CEPIC Short Statement on Proposed Directive on Collective Management Organisations

The relationship between picture agencies and collecting societies is a two way relationship. They receive payments from collecting societies and pay royalties to them.

  • Picture agencies receive payments from private copying levies, which they share with the photographers. This is the so-called “pay back” system in the UK.
  • Collecting societies get referrals from fine arts picture libraries to clear the additional rights to reproduce the artistic work shown on a photograph.
  • Collecting societies will usually charge picture libraries for the rights of reproduction and communication to the public of pictures of fine art works published on their (public) Internet website.
  • Very recently, and in some countries only, collecting societies have started wanting to charge for the reproduction in the closed non-public database of picture agencies.

From a visual point of view: the Draft Directive on Collective Management

In general, our members criticize that although they contribute for a large part to the revenues sharing of collecting societies, they are deprived of any participation in the decision making. They are left defenceless against any decision taken which may affect them adversely. They protest against a lack of transparency when it comes to payments and a lack of appeal possibilities against unilateral decisions.

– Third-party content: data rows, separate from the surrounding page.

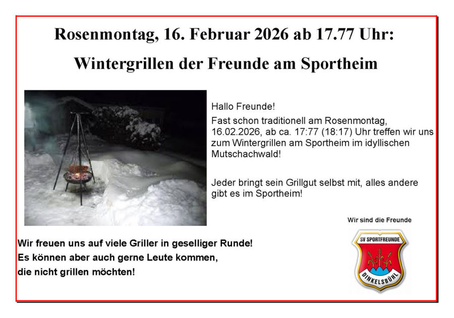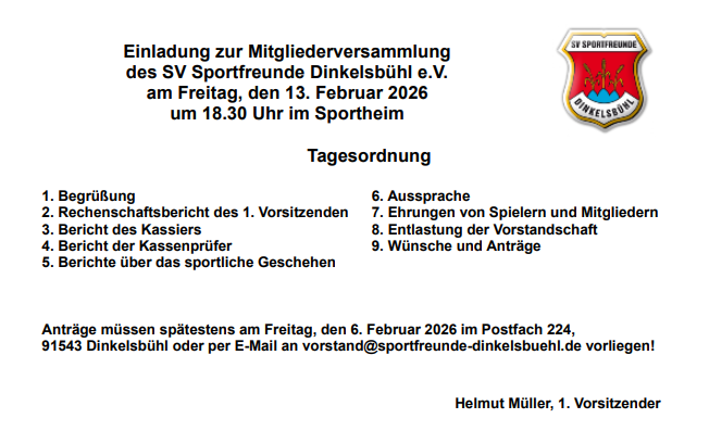 Freitag, 13. Februar 2026, 19.30 Uhr: Mitgliederversammlung im Sportheim
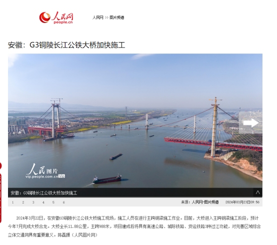 3月22日,人民網報道由銅陵交投集團投資建設、中鐵大橋局承建的G3銅陵長江公鐵大橋項目建設進展情況,具體原文如下:
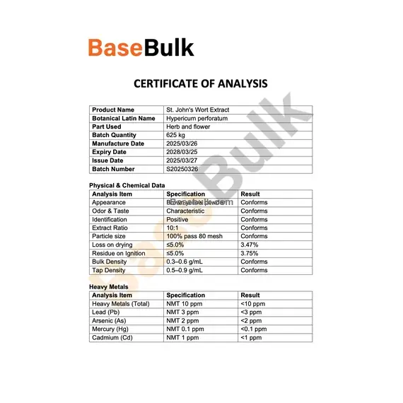 Bulk Density | 0.3–0.6 g/mL | Conforms |
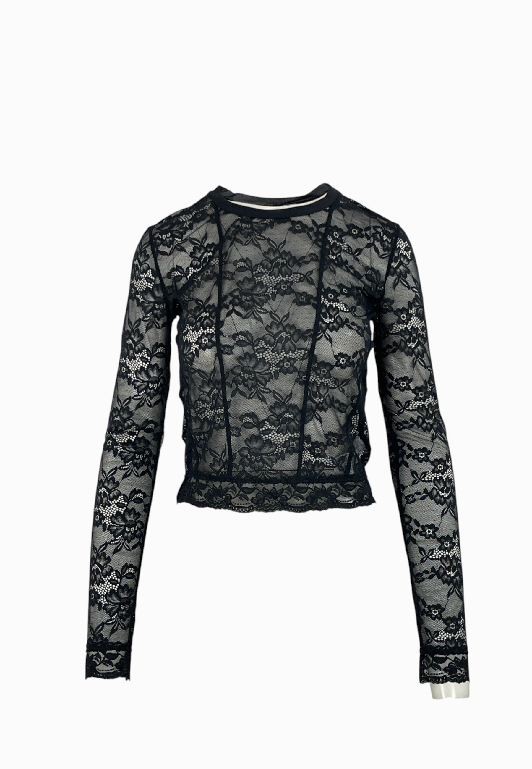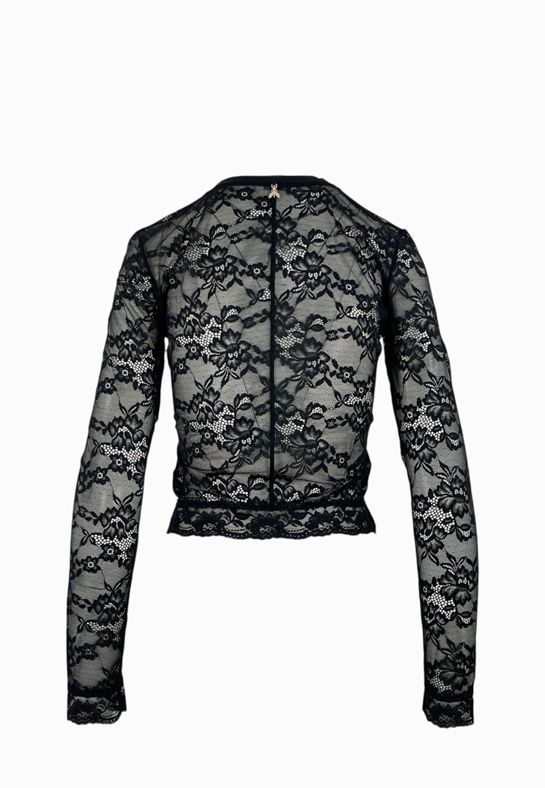 • MAGLIA IN PIZZO ELASTICCIZZATO,GIROCOLLO ,MANICA LUNGA
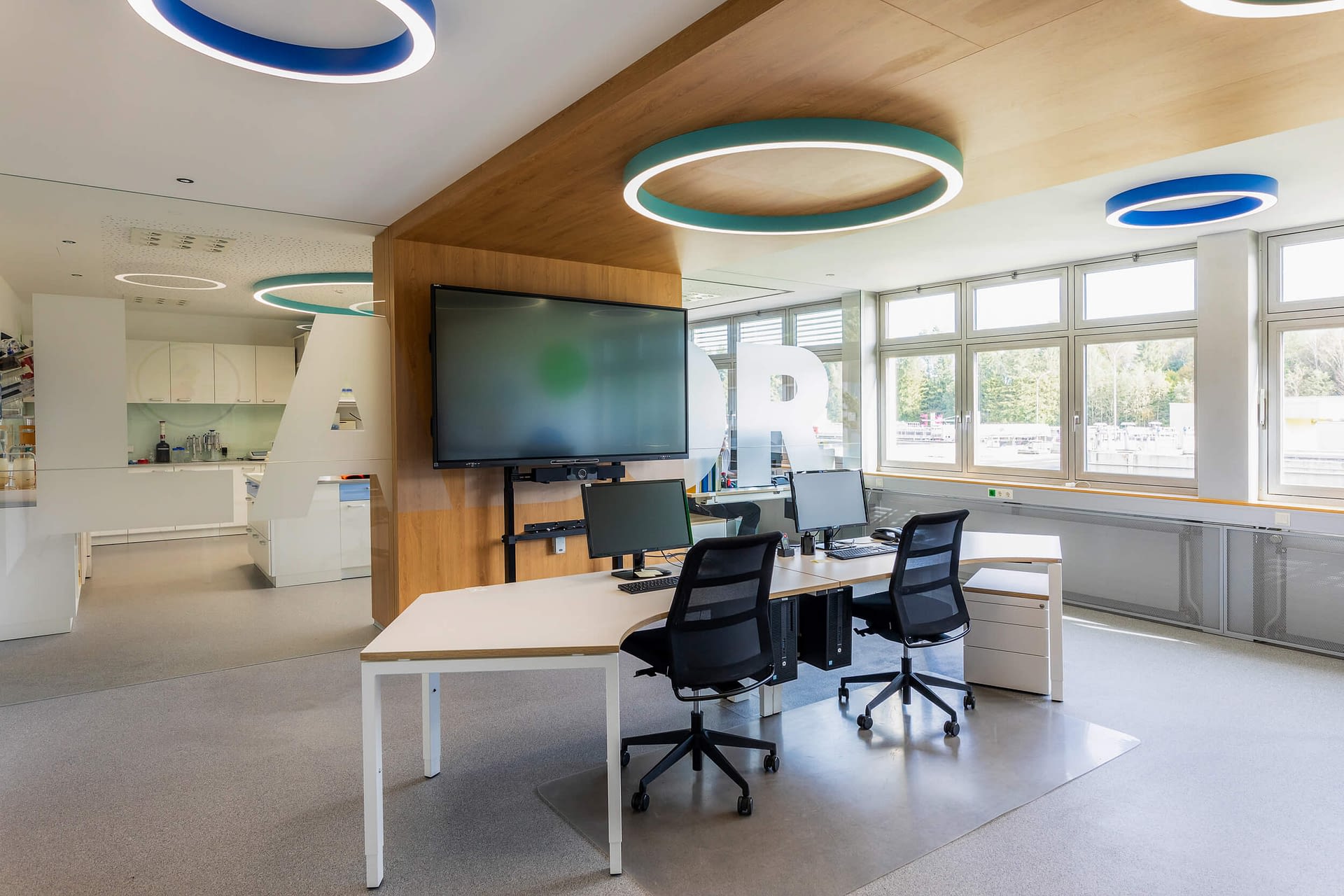 Ein wahres Meisterstück ist das maßgefertigte Möbelstück im Laborraum. Der über 7 Meter lange Schrankverbau vereint Stauraum und Multimedia-Elemente und teilt den Raum auf elegante Weise. Auf der einen Seite finden sich Glasschiebetüren, auf der anderen Multimedia-Integration mit einem großen TV. Die Deckenverkleidung, die mit integrierter Beleuchtung ausgestattet ist, setzt einen luxuriösen Akzent und ergänzt das Möbelstück perfekt.
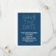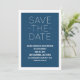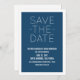 Anúncio Simples de Salvar a Data em azul escuro e branco com um design de tipografia moderna. Este convite para salvar a data é moderno e elegante, e fácil de personalizar com os detalhes do seu casamento. Para mais opções de personalização, clique no botão Personalizar.

CEPIC therefore welcomes with great expectations a Directive which addresses the modus operandi of collecting societies in a uniform way. However, we are disappointed by a text which is not ambitious enough.

The main problem of the Draft Directive is that it is mostly focused on the music industry.

  • It fails short of addressing issues in other sectors than on-line music licensing.
  • Because it applies concepts well fit to the music industry to other sectors, it leads to confusion of language, which eventually may bring legal insecurity in creative sectors other than the music sector – in any case in the visual sector.

Music makes up 80% of the turnover of collecting societies. But in terms of volume of images licensed through the Internet, the picture industry is as much important as music.

To summarize our main concerns


  • We welcome the provisions laid out in Titles I, II IV. The European Commission has clearly identified the issues to be dealt with.
  • Nonetheless, there is room for improvement in this proposal in order to avoid legal uncertainty.
  • In particular, the definitions of “repertoire” – what is protected: the present text uses “works” and “categories of work” – needs to be clarified all through the text in order to fit all sectors of creation, not only musical creations.

In view of orphan works legislation and the agreements within the Memorandum of Understanding on out of commerce books, but also in view of national initiatives, notably in the UK, to implement Extended Collective Licensing schemes …

  • Art. 12 of Title II chapter 2 must be reworded in order to avoid an obvious conflict of interest and any abuses in the management of funds.
  • The provisions of Title III and Art. 36 and 40 of Title IV should be extended to all on-line transactions in all sectors.